Lily has always been that way. Soft in her voice, loud in her love.
After Eli was born—when I was still healing and everything smelled like baby lotion and exhaustion—it was Lily who showed up at 2 a.m. with hot soup in a thermos and her sleeves rolled up. She didn’t ask; she just helped. She changed diapers, hummed lullabies we’d both forgotten, held Eli through colds and fevers, and made me feel like maybe I wasn’t doing everything wrong.
By the time Eli turned five, we had a rhythm. Every Saturday, Lily picked him up for their “adventures.” Farmers’ markets, the diner for pancakes, the park with the squeaky swings. I’d get two nights to breathe—to clean, to sleep, to just be.
But sometimes, I felt like Eli’s stories were filled more with her than with me.

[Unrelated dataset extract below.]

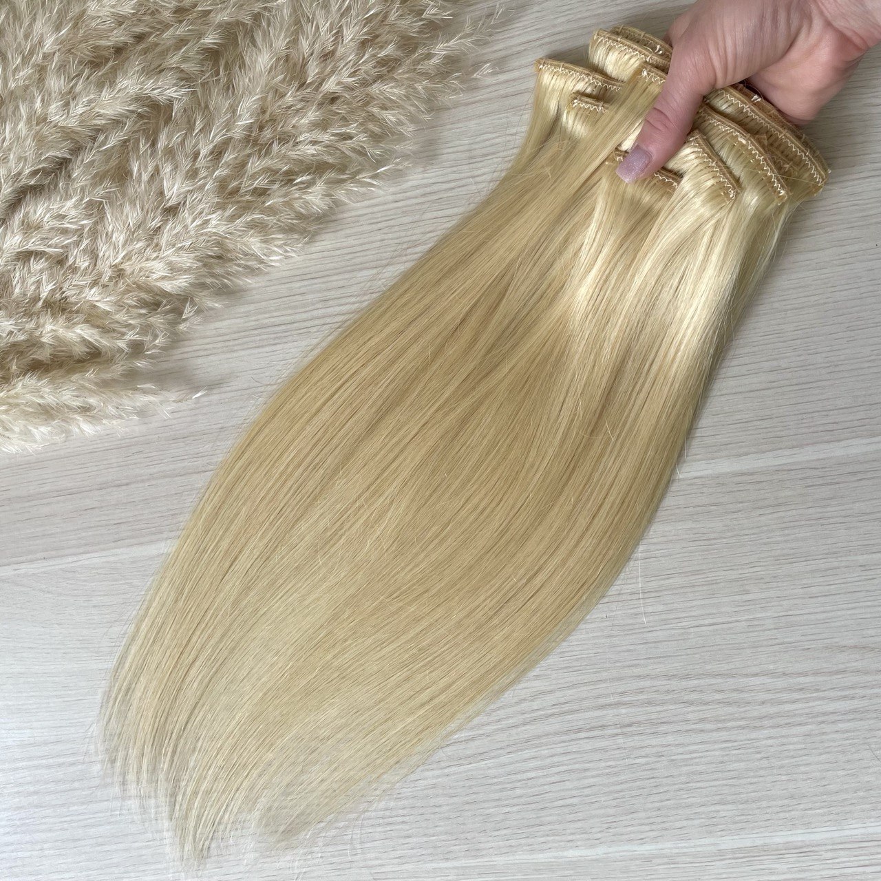 Накладные волосы на заколках – это набор накладных прядей, которые крепятся к своим волосам благодаря заколочкам с силиконовой прослойкой, с помощью которых пряди хорошо держатся и не сползают. Трессы на заколках подходят для девушек, которые хотят длинные и густые волосы. Они подойдут для ежедневной носки (можно сделать сложную укладку, собрать красивый хвост или оставить волосы распущенными) так и для создания вечерних и свадебных образов. Заколки не заметны, любая прическа будет выглядеть естественно.Наши волосы на заколках не содержат искусственных примесей. С ними можно делать всё, что со своими собственными волосами: тонировать, окрашивать, сушить феном, мыть, использовать плойки и утюжки. Волосы европейские премиум класса обеспечат длительную носку и отличный внешний вид в ходе использования.

That Saturday, I was washing strawberries when Eli burst through the door, scraped knees and a face full of sunshine.
“Mom!” he shouted. “Guess what me and my other dad did!”
The colander slipped from my hands. Strawberries scattered like marbles across the floor.
“Your what?” I asked.
“My other dad,” he said, grinning. “He’s funny! He knows how to whistle with two fingers. Like this—”
He sprayed spit across the counter trying to demonstrate. I forced a laugh, but my stomach twisted.
That night, I couldn’t sleep. Eli’s father—Trent—had left before I even realized I was pregnant. I never told him about Eli. Maybe that was my way of protecting us both. But now… who was this man Eli thought was his “other dad”?
The next morning, I asked carefully, “Eli, what’s his name?”
He shrugged. “Dunno. He just said I could call him that.”
“And Aunt Lily knows him?”
Eli nodded. “Yeah. She talks to him when they think I’m playing.”
The words felt like shards. My sister was hiding something. I needed to know what.
So the next Saturday, I followed them.
Lily’s truck led me to Maple Grove Park. I parked a few rows back, heart hammering, palms slick. And then I saw them—Lily, Eli, and a man.